**Dataset section**
****

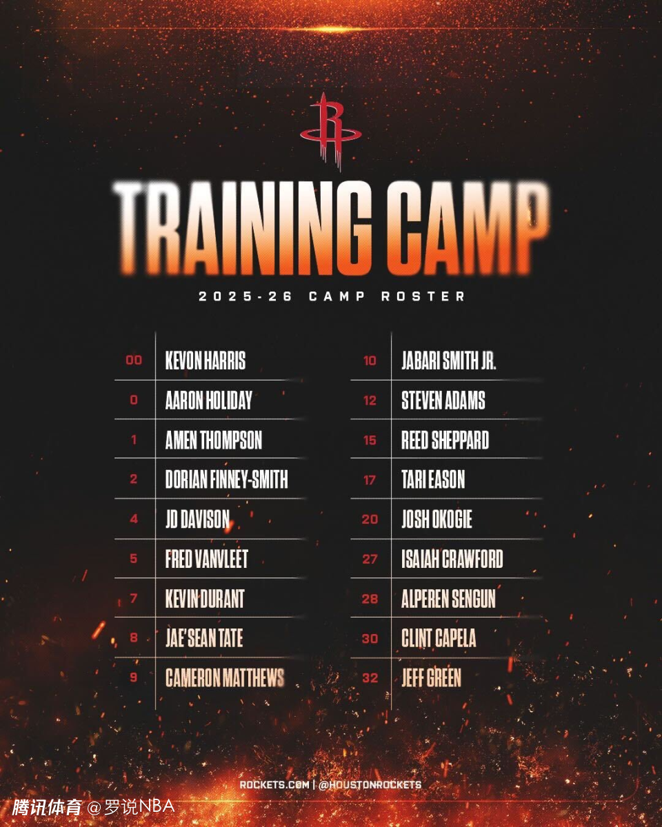 2025-09-27 07:50北京时间9月27日,休斯顿火箭今日公布了2025-26赛季的训练营名单,名单上共计18名球员。具体如下(按号码顺序)——
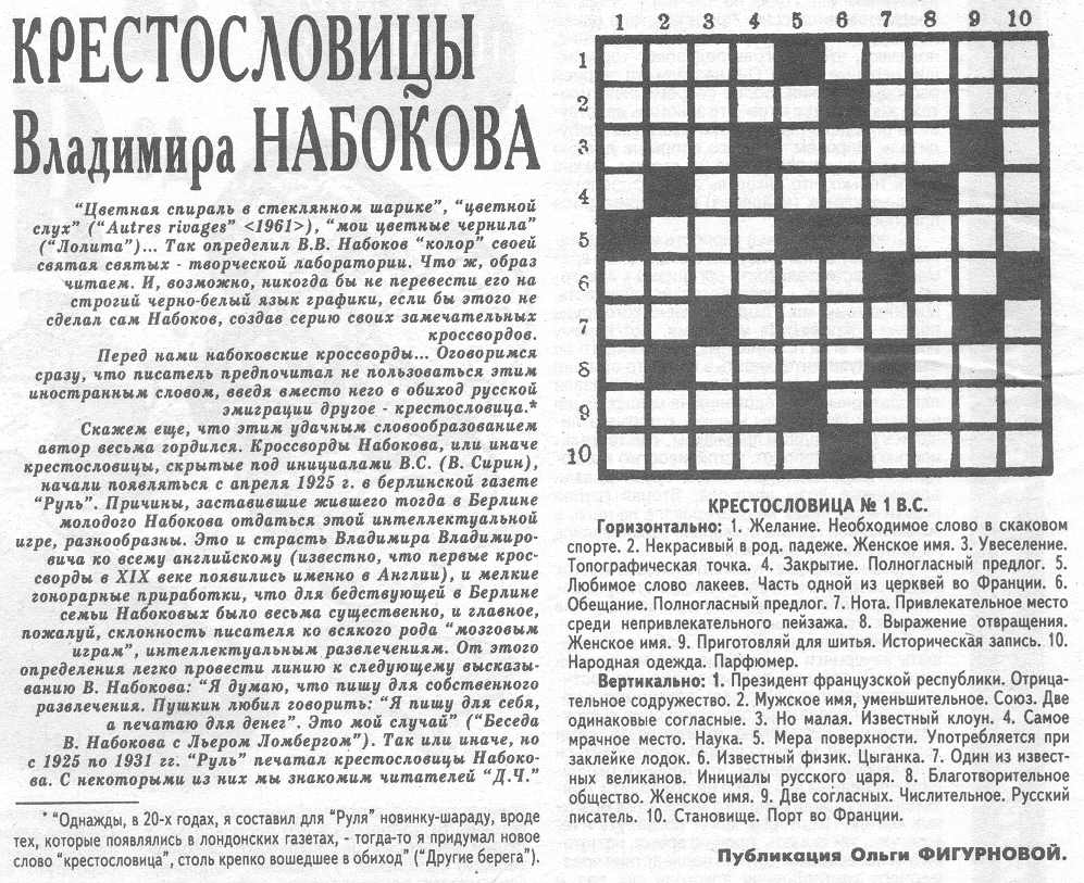 Fw: Крестословицы Владимира Набокова / Nabokov's Russian Crossword puzzles.
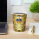 Gobelets en papier pour baby shower prince avec une couronne royale bleue et or sur un fond doré tourbillonnant magnifique. Vous pouvez ajouter le texte de votre choix à ces gobelets en papier bleus royaux et or pour baby shower prince.

****

**Task statement**
Copy out the lines exactly as written, beginning with the one that contains "Fw: Крестословицы Владимира" and ending with the last line of the material; do not include pictures.

**Written answer**
 Fw: Крестословицы Владимира Набокова / Nabokov's Russian Crossword puzzles.
 Gobelets en papier pour baby shower prince avec une couronne royale bleue et or sur un fond doré tourbillonnant magnifique. Vous pouvez ajouter le texte de votre choix à ces gobelets en papier bleus royaux et or pour baby shower prince.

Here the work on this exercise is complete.